=== SOURCE MATERIAL ===

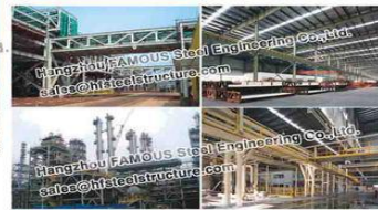
LDK Polysilicon Public Project Generally contracted by FLUOR CO., LTD.
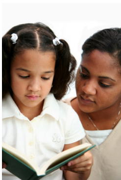
Worldwide teachers of children

In women's evolutionary effort to be included in the human family, we traded our voices for the sake of the survival of our children. Men could provide food and protection while we gestated, birthed, and reared his genetic stamp on the future.
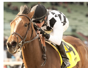
Snow Fall
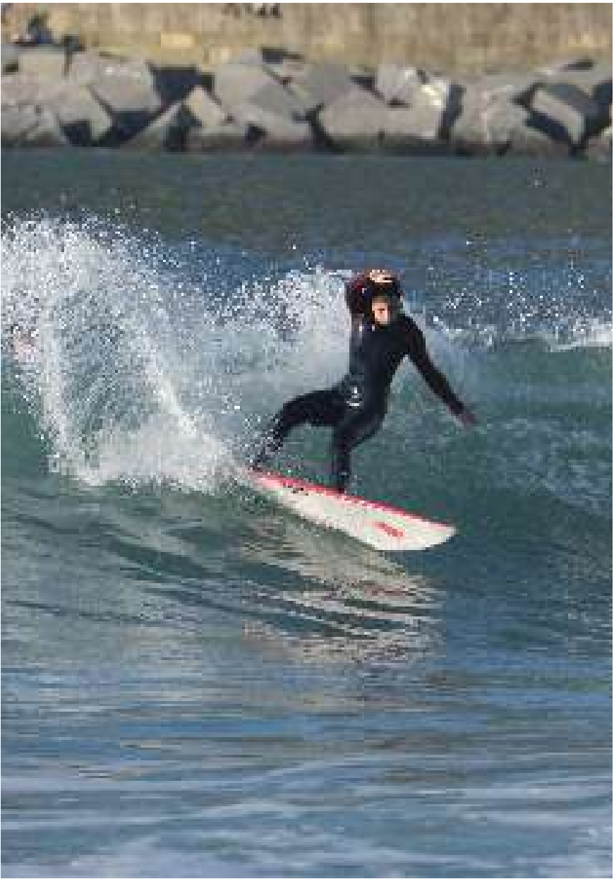
Iur Gi / @iurgiurgi
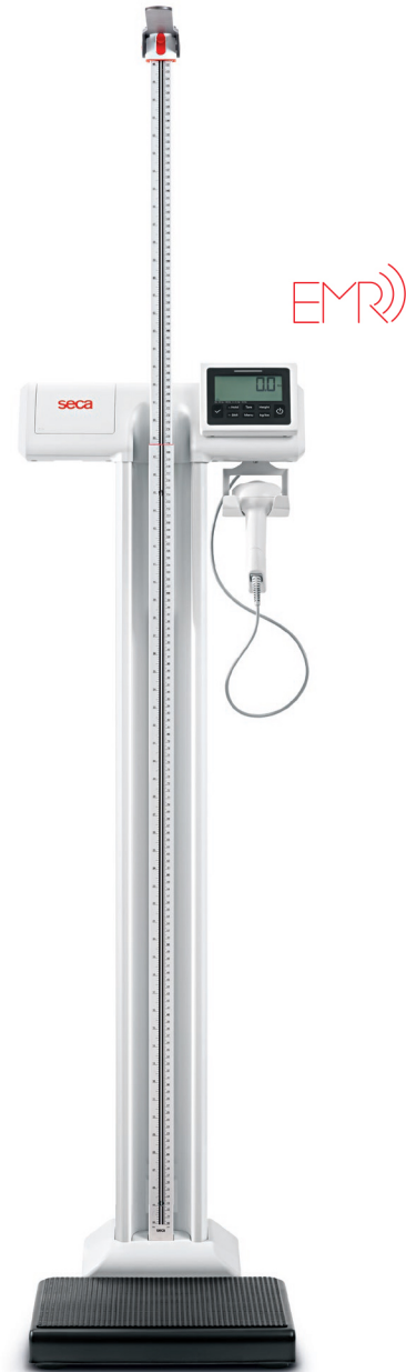
Image contains barcode scanner from a third-party supplier
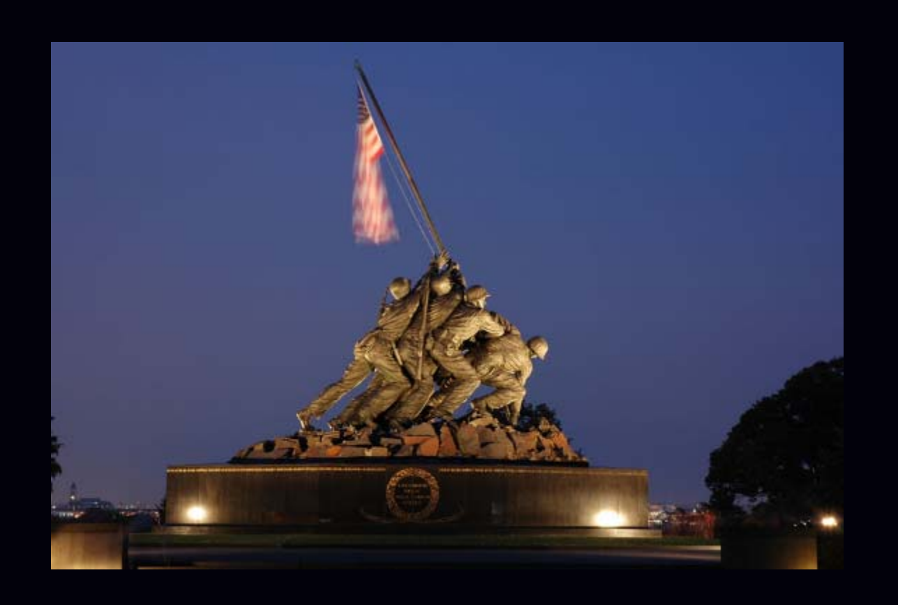
Nov 10, 2007, Happy Birthday USMC
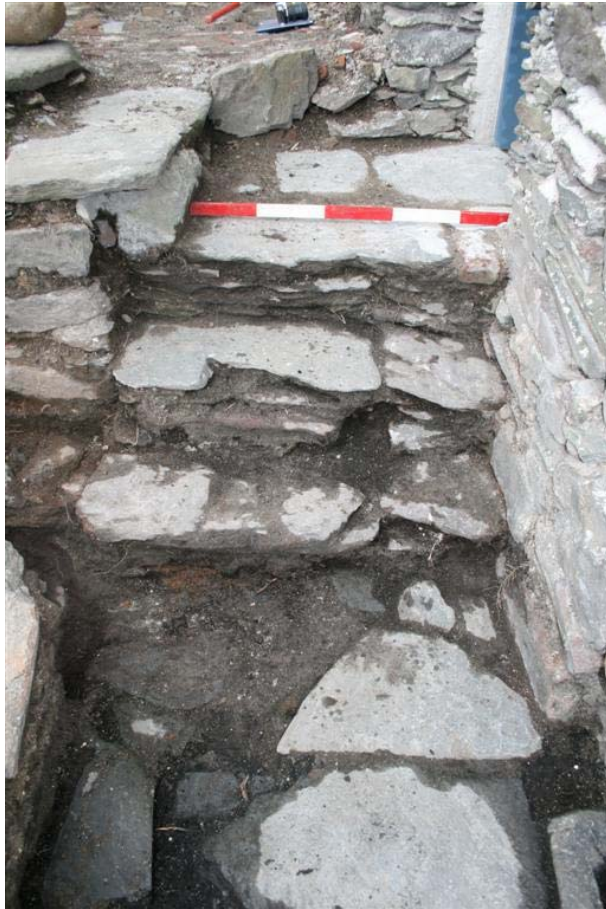
Plate 7: Stone steps (05) providing access to the hearths
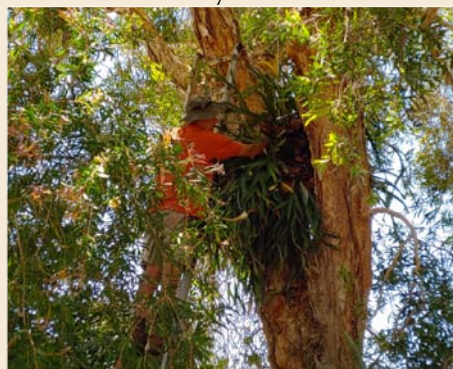
Alec installing the Elk Horn.

A new release from the Wildflower Plantation is this stunning Chamelaucium hybrid 'Cluster'. Flowering winter to spring with large clusters of bright pink flowers at the end of the stems. Great for your own vase flower arrangements. First batch to be available shortly in 140mm pots. Plant now to enjoy the flowers next year.
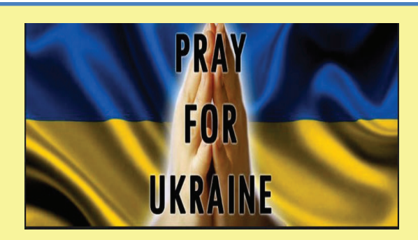
Every Friday at 3:00PM in OLM Church

Join the Legion of Mary at 3:00pm on Fridays to pray the Chaplet, Memorare and Holy Rosary for peace in Ukraine.
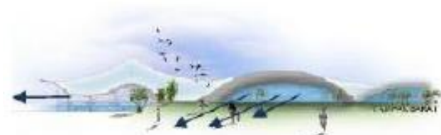
Figure 6 The glass material is installed to maximize the views from inside the building to the outside space
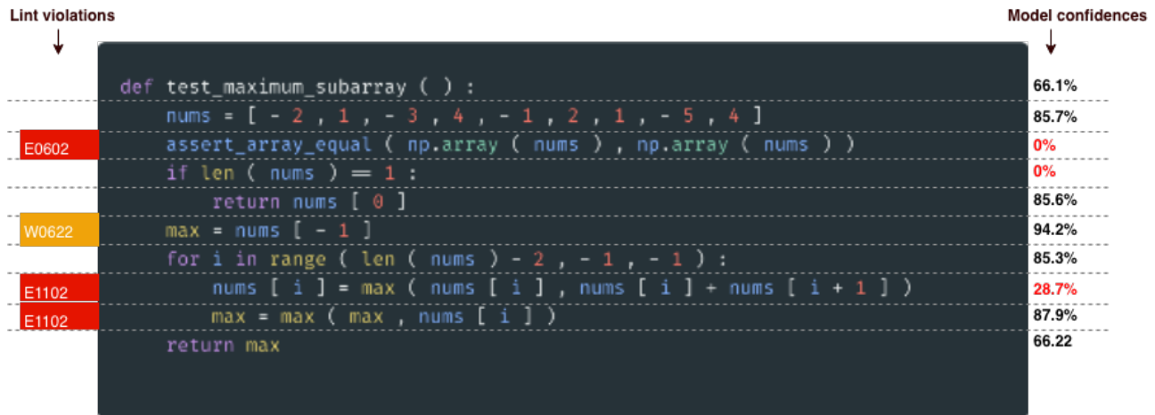
Figure 5. A code snippet translated from Java to Python3 with the corresponding Pylint errors and model confidences for each line. The max variable is used by the TransCoder output both as a variable and as the maximum operator. As we frequently found, little correlation is visible between model confidences (right) and lint violations (left). See Appendix A.3 for the Java source code.
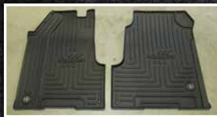
Figure 7 - Kit 103085 Contents

• Kit 103086 shown in Figure 8 is compatible with Western Star 4700SB and 4700SF trucks equipped with a DD13 Engine and no driver side electrical tray 2016-2019.
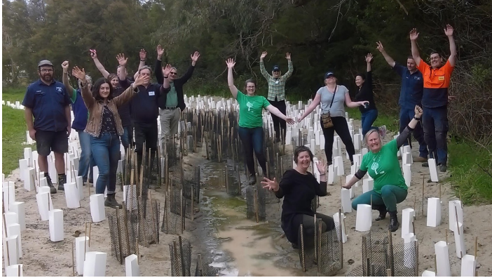
Landcare for Singles

Landcare for Singles Event by Intrepid 29/9 This event was a collaboration between ECOSS and Landcare, with a focus on revegetating the BioFiltration swales running near the polytunnels into the dam. It was also a romantic opportunity for the planters to find a new love.
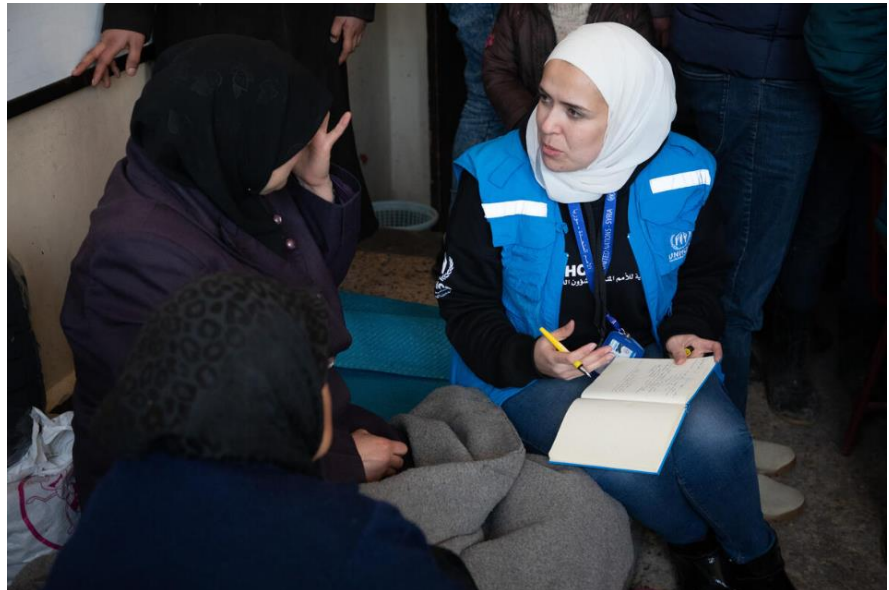
Earthquake survivors speak to UNHCR staff in Aleppo.
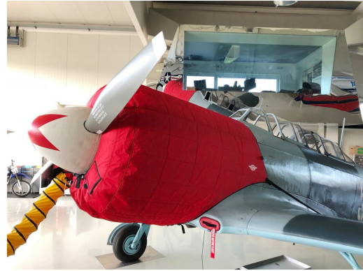
Yak 11 Insulated Engine Cover & Oil Cooler Inlet Plug
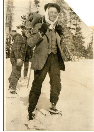
A group heads out snowshoeing in this undated photo.

band teacher at Enterprise High school, was sentenced to three years in the penitentiary on a charge of larceny. He was charged with stealing musical instruments from the school. He was released on parole on condition that he pay the owners of the musical instruments, amounting to $285, and pay the county all costs incurred in prosecuting the case, amounting to $500.
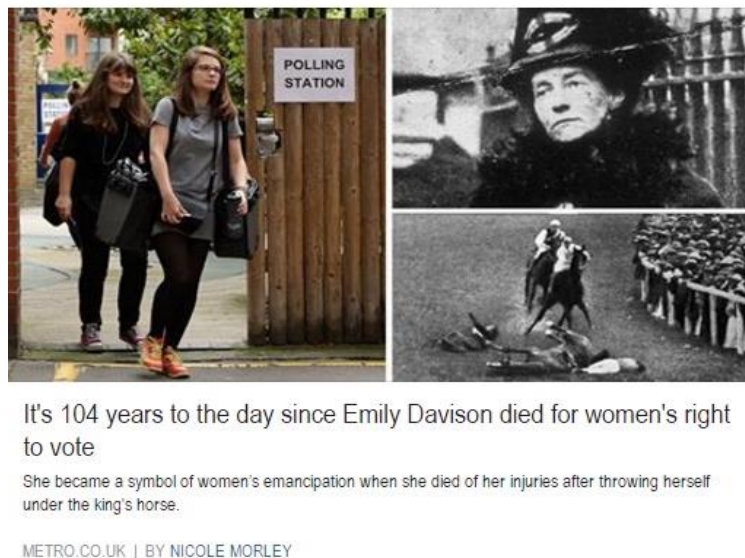
Figure 4: 'Emily Davison died for women's right to vote' (Morley, 2017)

I put this on vote day because I think it's annoying when people don't vote because they can't be bothered to vote – when people died so that women could vote...I also said that I was unsure of who to vote for because I didn't have a candidate for UKIP where we live, which is what I would have voted for if there had been a candidate...and then I just put what I thought and why I was confused this time and...I knew it would start a debate, but that's sort of what I wanted because I quite like to talk about it.
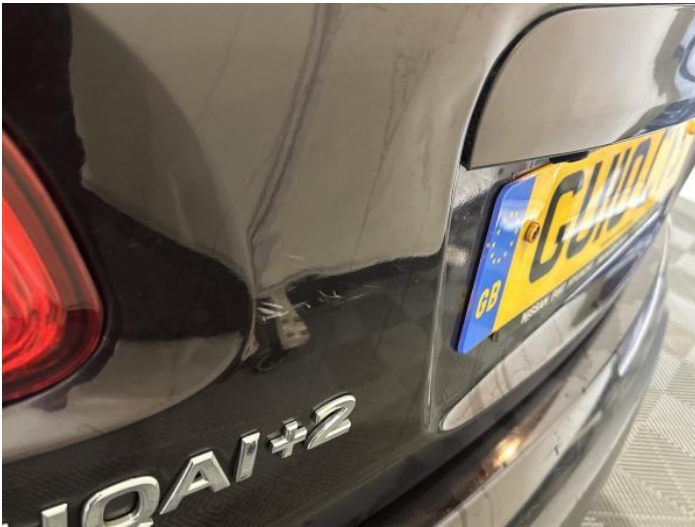
11: Tailgate Dented With Paint Damage
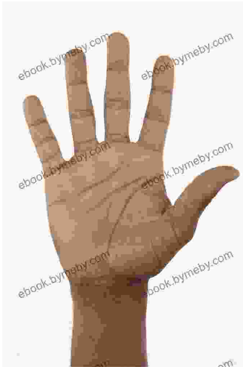
Detailed image of hand anatomy for precise rendering.
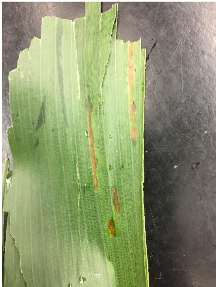
Fig. 2: Brown lesions with uneven edges characteristic of bacterial leaf streak in corn.
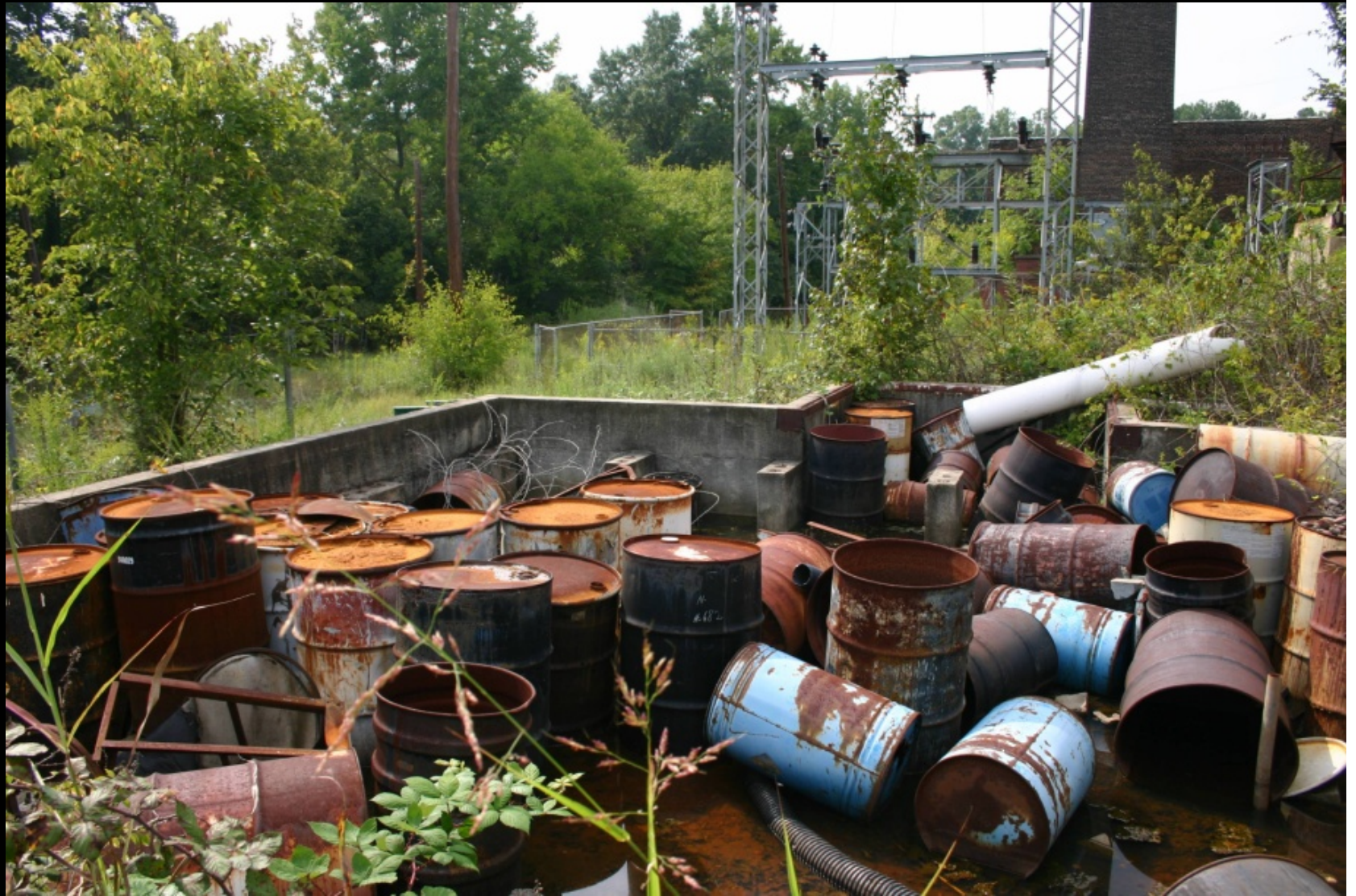
Drums and tanks were scattered throughout the property.

===

## EXERCISE GOAL
Exactly the lines from the one with "Detailed image of" through the end of the entries above must be written out, and no pictures may be included.

## OUTPUT OF THE EXERCISE
Detailed image of hand anatomy for precise rendering.
Fig. 2: Brown lesions with uneven edges characteristic of bacterial leaf streak in corn.
Drums and tanks were scattered throughout the property.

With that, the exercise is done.